Amanda Askell — one of the primary Anthropic AI researchers behind Claude — had a particularly useful line on evals:

The boring yet crucial secret behind good system prompts is test-driven development. You don't write down a system prompt and find ways to test it. You write down tests and find a system prompt that passes them.

An example from SNAP:

A logic model exists for answering formal policy questions in SNAP. If we know the true right answer to a particular policy question comes from synthesizing:

Federal law
Federal regulations
A state’s policy manual or regulations

...then we can test if a model — when given those sources [4] — can derive the correct answer.

We could call this an eval testing the capability of "SNAP policy analysis” since that is more or less the task that it is doing there.

Notably, this is a different capability from something like “helping a SNAP recipient renew their benefits”. We would test that different way because the task itself is subtly different, for example more likely to test for accessible and easy to understand word choice.

But it’s also a particular implementation that we are testing. What we want in this case is correct SNAP policy answers. And we are testing whether a particular model, given particular documents, can answer correctly.

As long as our question/answer pairs are accurate, we can test lots of different approaches, and quickly. For example, we might test three different ways of getting a model to answer SNAP policy questions:

Asking a model without giving it any additional documents
Giving a model a state SNAP policy manual
Giving a model a state SNAP policy manual and SNAP’s federal statutes and regulations

We would probably expect that a model able to reference policy documents does better.

But we might also find — testing with our question/answer pairs — that including all of the federal policy generates more errors because it confuses the model. Including only a state policy manual may turn out to score higher on correct answers when we measure it.

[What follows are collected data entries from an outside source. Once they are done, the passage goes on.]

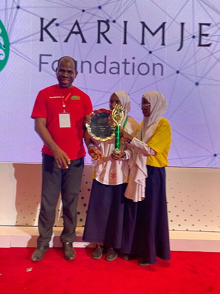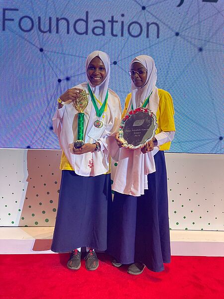 Meet our YST 2024 Overall Winners from Unguja- Zanzibar, Lumumba Secondary School. Ramlat Hamad Abdulla and Salha Shamim Khamis. Their winning project : Analysis of the use of corals for seaweed farming and with their teacher Mr Ame Haji Vuai.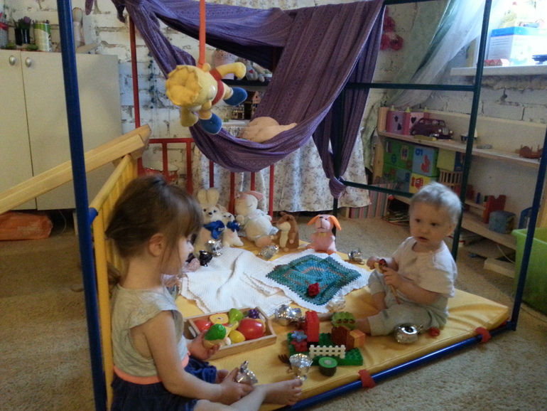 После 1,5 мес активных игр мы комплекс перевернули ! в положение манеж )) Дашиной радости не было предела. Так как получился очень уютный домик !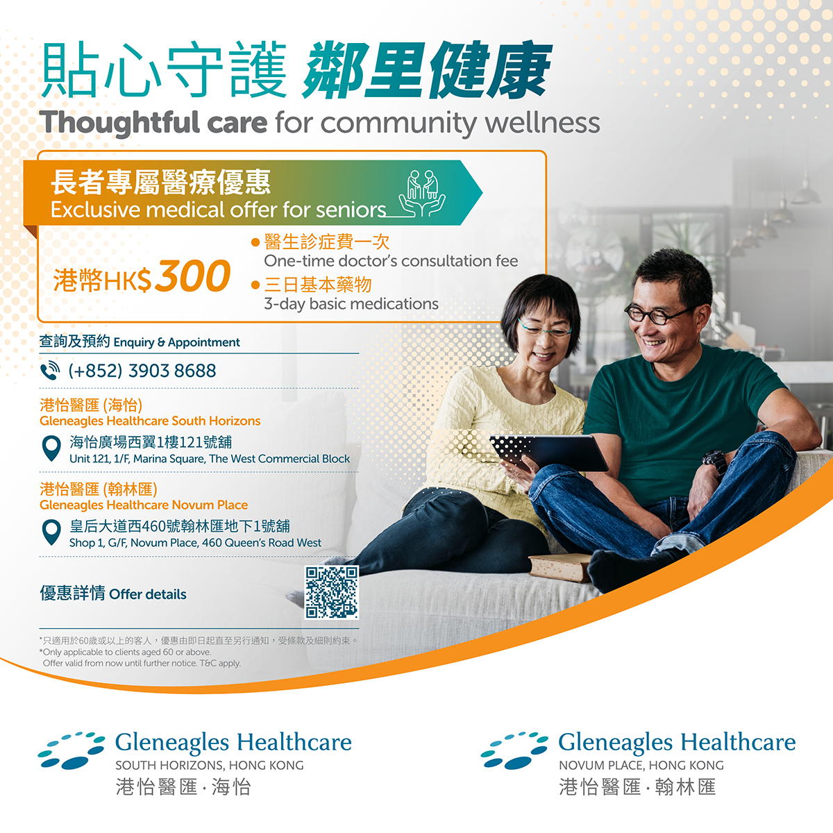 1. 长者专属医疗优惠︰港币$300(包医生诊症费一次及三日基本药物)。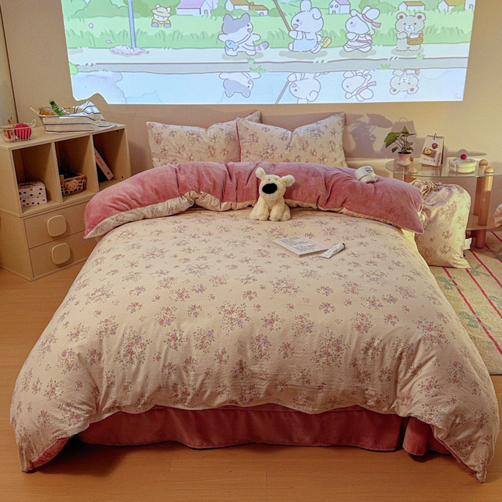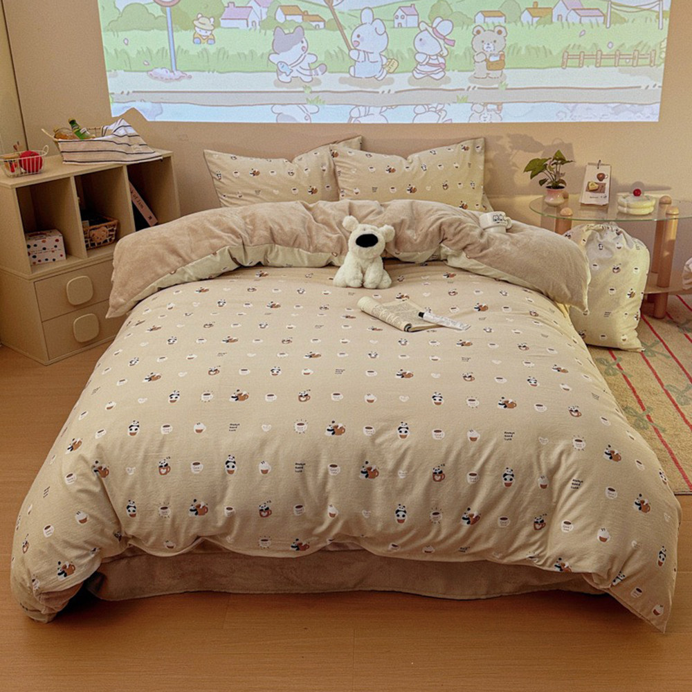 📚 韩系印花双面设计 古法水洗棉+软fufu牛奶绒保暖4件套(含小布袋)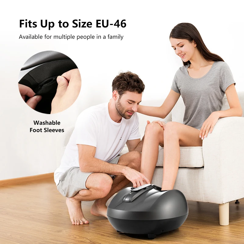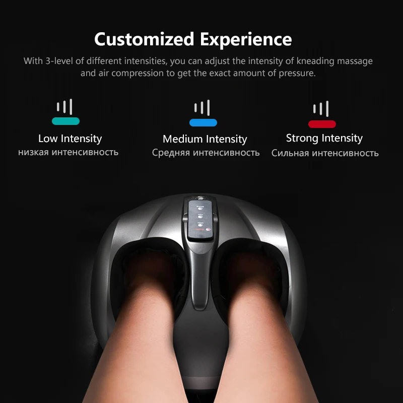 -Облегчение боли: прокатка, тепловое, шиацу глубокое разминание, сжатие воздуха, нагревание. 3 режима и 3 уровня интенсивности подушки безопасности могут удовлетворить потребности большинства людей. Есть массажные точки для пальцев ног, арок и подошвы ног, а ступни и каблуки полностью обернуты воздушными мешками. Вы можете воспользоваться услугами профессионального массажа дома, стимулируя кровообращение, снимая Фасциит, боль и усталость и т. д.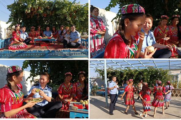 “盛世欢歌颂党恩,同心共祝新时代”。阿依古丽的院子里瓜果飘香、团结情深,处处洋溢着浓浓的节日气氛。葡萄架下传来一阵阵欢声笑语,原来是民警和亲戚们在开心畅谈,增进友谊,促进感情。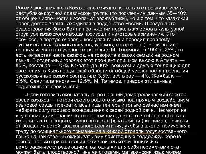 Российское влияние в Казахстане связано не только с про живанием в республике крупной славянской группы (по пос ледним данным 35— 40% от общей численности населения рес публики), но и с тем, что казахский народ долгое время нахо дился в подданстве России. В результате существования бок о бок на протяжении нескольких веков в культурной структуре казахского народа произошли некоторые изменения. Этот про цесс, в первую очередь, коснулся языка и породил проблему русскоязычных казахов (уйгуров, узбеков, татар и т. д. ). Если верить данным известного ученого страноведа М. Татимова, в 1992 г. 25%, то есть четвертая часть казахов, не говорила в своих семьях на родном языке. В отдельных городах этот про цент слишком высок: в Алматы — 85%, Костанае — 75%, Ка раганде 80%; возьмем и другую тенденцию для сравнения: в Кызылординской области от общей численности населения русскоязычные казахи составляли 3, 5%, в Атырау — 4%, Жамбыле — 6, 5%, Семипалатинске — 12, 5%. М. Татимов, приводя эти данные, подытоживает свои мысли: «Если говорить окончательно, решающий демографичес кий фактор среди казахов — потеря своего родного языка под прямым воздействием языковой среды прекратилась лишь те перь и только сейчас начинает набирать силу процесс воз вращения к своей родной речи. Несмотря на улучшение де мографического положения, для того, чтобы еще больше ус корить этот процесс, нужно во всех сферах жизни (например, начиная от рождения детей, дошкольного воспитания, учебы в школе, приучения к труду до официального применения в каждой отрасли государственного языка нашей страны) ока зывать ему действенную поддержку. Короче говоря, только при сочетании активной языковой политики с демографи чески решающими, выгодными для себя переменами она мо жет быть плодотворной, иными словами, материнский язык можем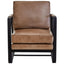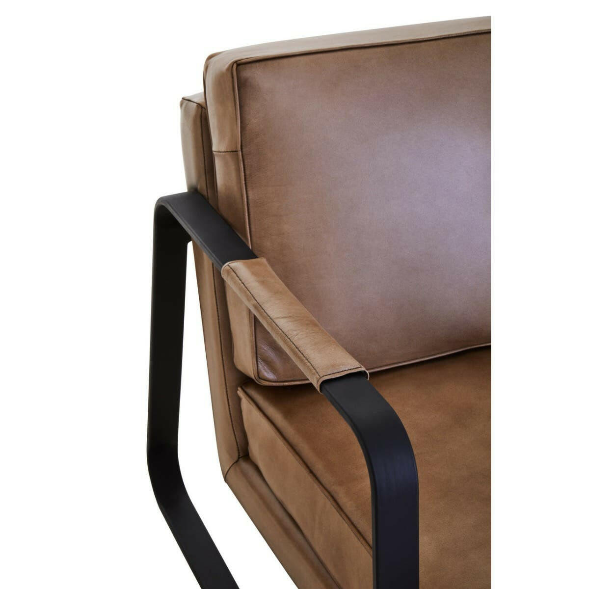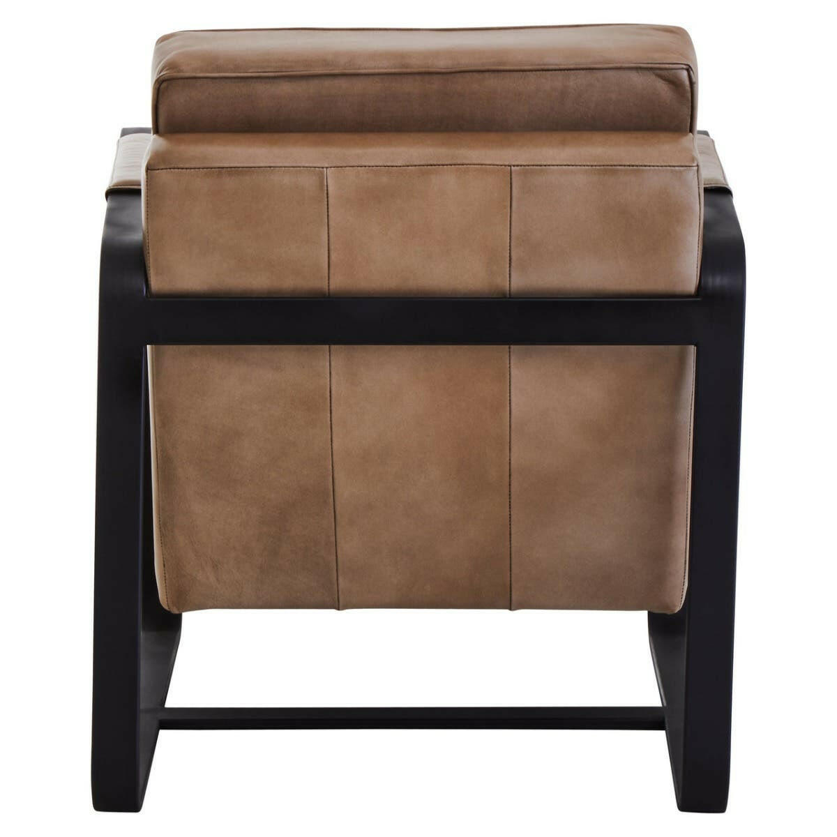 This armchair brings a modern touch with a deeply padded seat in grey leather covering, supported with a comfortable matching cushion. The black finish frame with a curved aesthetic offers stability to the ergonomically designed recliner back.
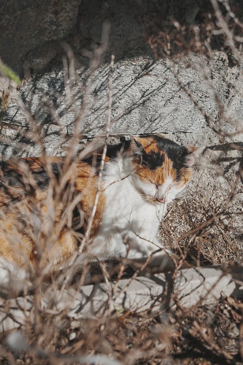 中午夥伴開車帶我們去西尾半島吃午餐,漂亮的老屋改建的建築和特色菜,喝了馬祖和澎湖的島啤酒,再沿途拜訪了養淡菜的兩個大哥。港邊有貓咪,我辨認了很久,才確定這是十年前遇到黃金獵犬蓉蓉的芙蓉港。去的時候剛遇上大潮漲潮,海水滿溢水線貼緊著防潮堤。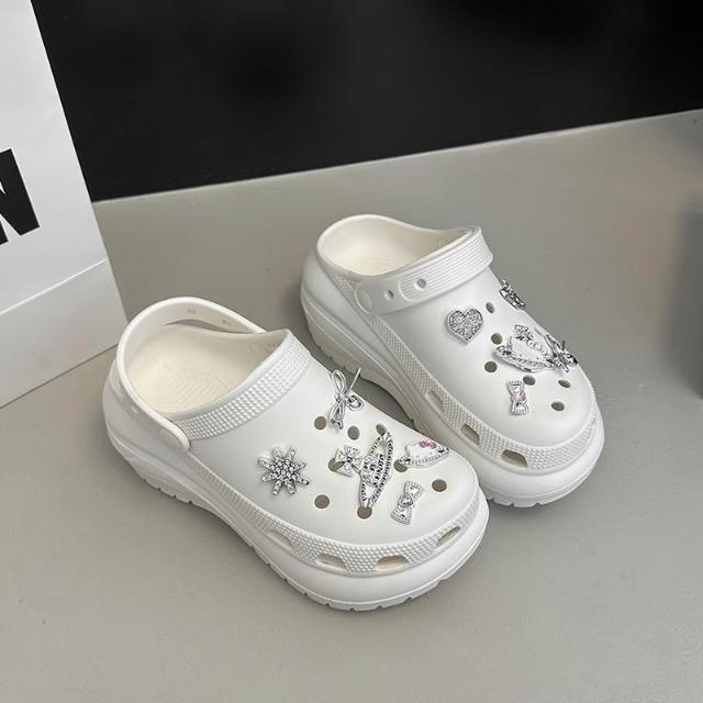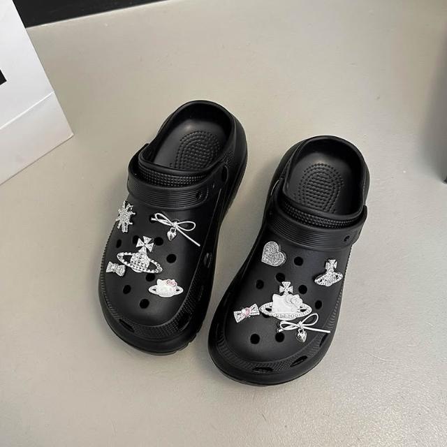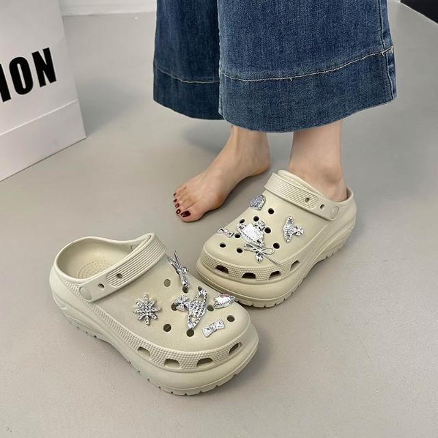 新款 拖鞋 洞洞鞋 爆款配飾光輪洞洞鞋2025新款夏季休閑厚底增高EVA外穿防滑女百搭 居之雅

If our SNAP policy eval has 100 question/answer pairs, and we iterate to a system (a choice of a model, a prompt, and context/documents) that gets 99 of those questions right, then we might have a tool for automated SNAP policy analysis we feel confident using for most policy questions our users might have.

(This is especially true if we understand how to consistently identify and filter the 1% failure cases.)